The human Eg5 gene product (HsEg5) is of particular interest amongst the Kinesin-5 proteins, because of its potential as a therapeutic target for cancer treatment. It is sensitive to a battery of small-molecule inhibitors (DeBonis et al., 2004, Hotha et al., 2003, Luo et al., 2007) that allosterically block Eg5 activity (DeBonis et al., 2003, Maliga et al., 2002). The specificity of these synthetic inhibitors is exceptional: although all eukaryotic organisms examined to date contain at least one Kinesin-5 protein, not all Kinesin-5 proteins are sensitive to these compounds (DeBonis et al., 2003, Maliga et al., 2002). Of the inhibitors most frequently employed, monastrol (Mayer et al., 1999) and S-trityl-l-cysteine [STC; (DeBonis et al., 2003)], were uncovered from independent chemical screens, inclusive for mitotic inhibition and exclusive for microtubule interactions. They induced mitotic arrest in human tissue culture cells by inhibiting Eg5-dependent MT motility (Kapoor et al., 2000, Mayer et al., 1999) and resulted in a spectacular reorganization of the mitotic spindle to aberrant monoastral form with no apparent effect on interphase MT arrays (Fig. 3). Failure either in chromosome segregation or in the timing of cell division events can result in aneuploidy that is strongly linked with developmental defects and cancer (Kops et al., 2005).
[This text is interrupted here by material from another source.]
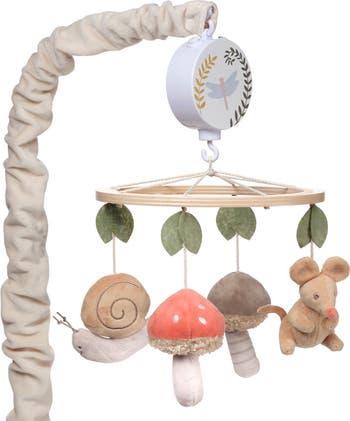 Two colorful mushrooms, one cute little mouse, and one sweet snail circle slowly underneath green leaves and a wooden ring. The mushrooms are made of a soft velour and textured boucle with embroidered dots and are 4 inches tall. The little mouse is a tan color velour with an embroidered face and is 4 inches tall. The whimsical little snail is a tan velour with an embroidered swirl pattern and is 3 ½ inches tall. This musical mobile plays nursery songs for 20 minutes, has an on/off switch, and volume control. It plays Brahms Lullaby, Twinkle, Twinkle Little Star, and Rock-a-Bye-Baby. Requires 3 AAA batteries, not included.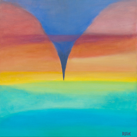 Maalilm. 1. 2023 õli, lõuend/70×70 cm/. Maalilm 2. 2023 õli, lõuend/70×70 cm/. Seisud 1. 2022 õli, lõuend/100×100 cm/. Seisud 2. 2022 õli, lõuend/100×100 cm/. Paradiis. 1992 õli, lõuend/150×135 cm/.

The discovery of these chemical inhibitors of HsEg5 is important on two fronts. First, they can be used as tools to dissect mechanotransduction in this mitotic kinesin and provide answers to still open questions of how catalysis is used and converted into force and motion. Second, numerous small-molecule agents that solely target this human mitotic Kinesin-5 protein with high specificity are leads for anti-cancer therapy; several are in trials as clinical anti-cancer agents [for example, see (Carol et al., 2009, Kathman et al., 2007, Purcell et al., 2010)].